Missing information on plasma vitamin C levels of some adults was due to no detectable signal of a vitamin C assay. Exclusion of these individuals just because of the missing information would result in loss in the lowest end of the distribution of vitamin C, which would be invalid. An imputed value would be its detection limit (or half of its detection limit, for instance).
In an exercise trial measuring maximal oxygen uptake at three time points (baseline, 4 weeks, and 8 weeks), some participants could not show up at the endpoint but did consent to use of collected data by 4 weeks. The endpoint results at 8 weeks may be imputed with the results at 4 weeks (‘last observation carried forward’). Using this imputation, the analysis can be said ‘intention to treat’ analysis.
Imputation of means or medians of a continuous variable is generally discouraged, because this shrinks variability of the variable.
For categorical variables, a missing category is often used.
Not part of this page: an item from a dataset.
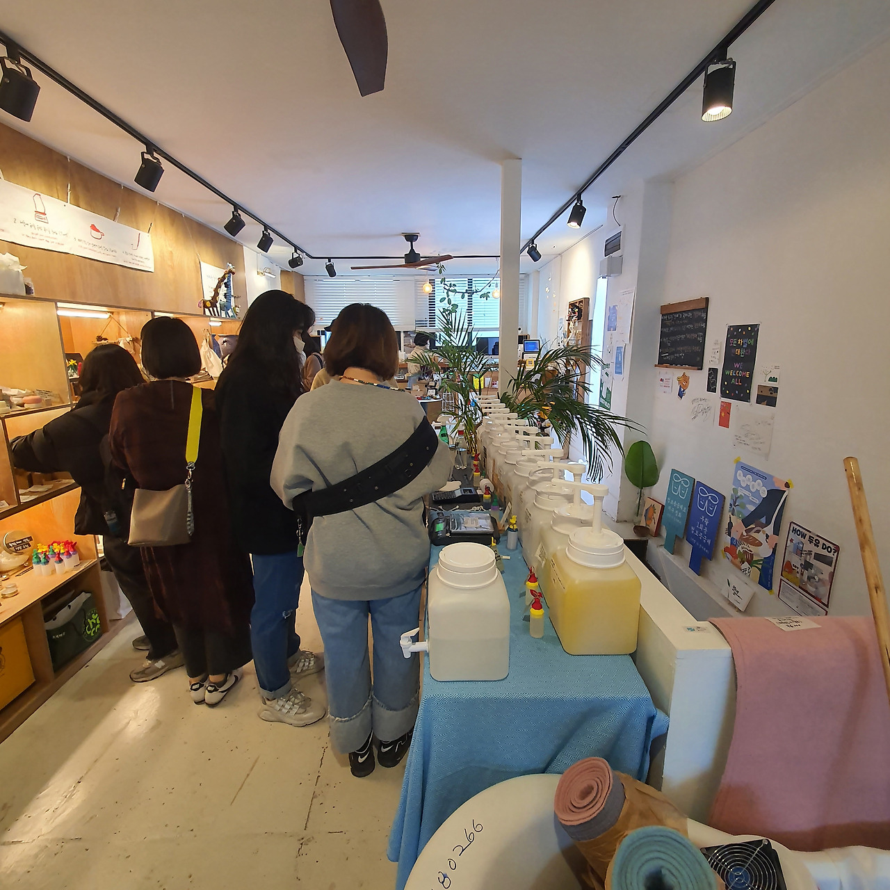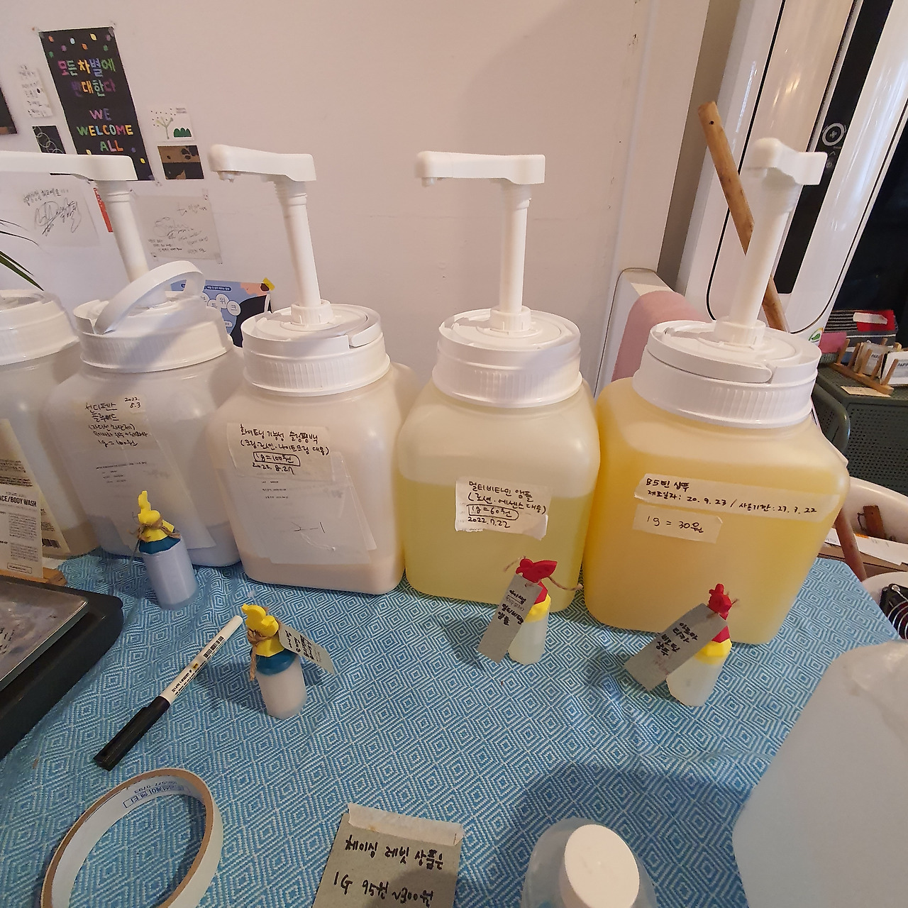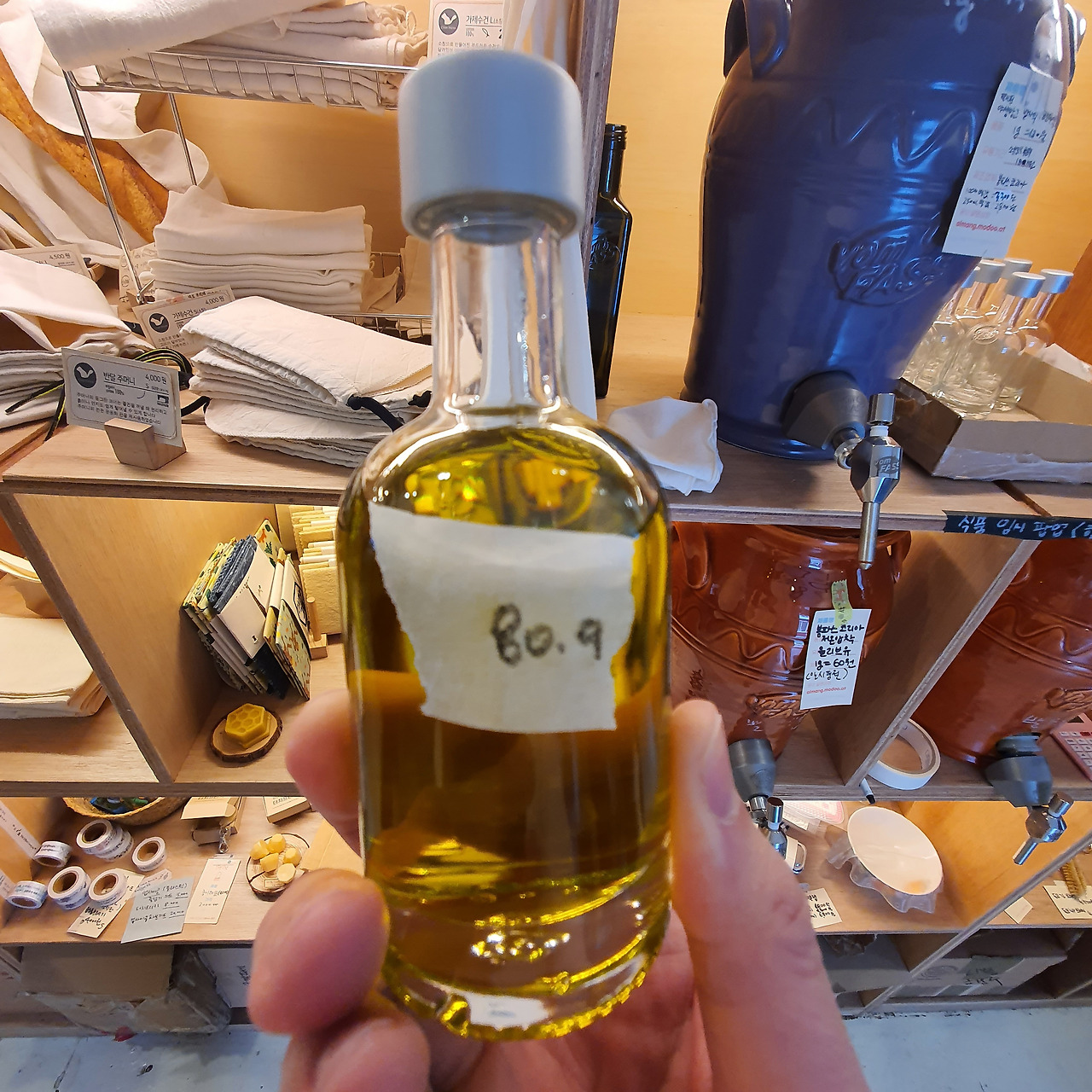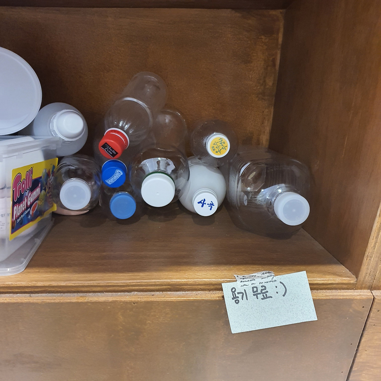 오일 같은 경우는 작은 유리병을 구매해서 오일을 담을 수 있었다. 세제는 1회 용기가 무료로 비치되어 있어서 편리하게 구매할 수 있다.

For missing information on BMI, for example, four categories may be the option: < 25 kg/m², 25-29.9 kg/m², ≥30 kg/m², and ‘unknown’. But this is generally not recommended. It often loses continuous information.
Missing information can be imputed with regression analysis. For example, if waist circumference were missing among 5% of a study population, but BMI were available among all, waist circumference could be imputed by a linear regression model predicting waist circumference by BMI and other available variables (e.g. age, sex).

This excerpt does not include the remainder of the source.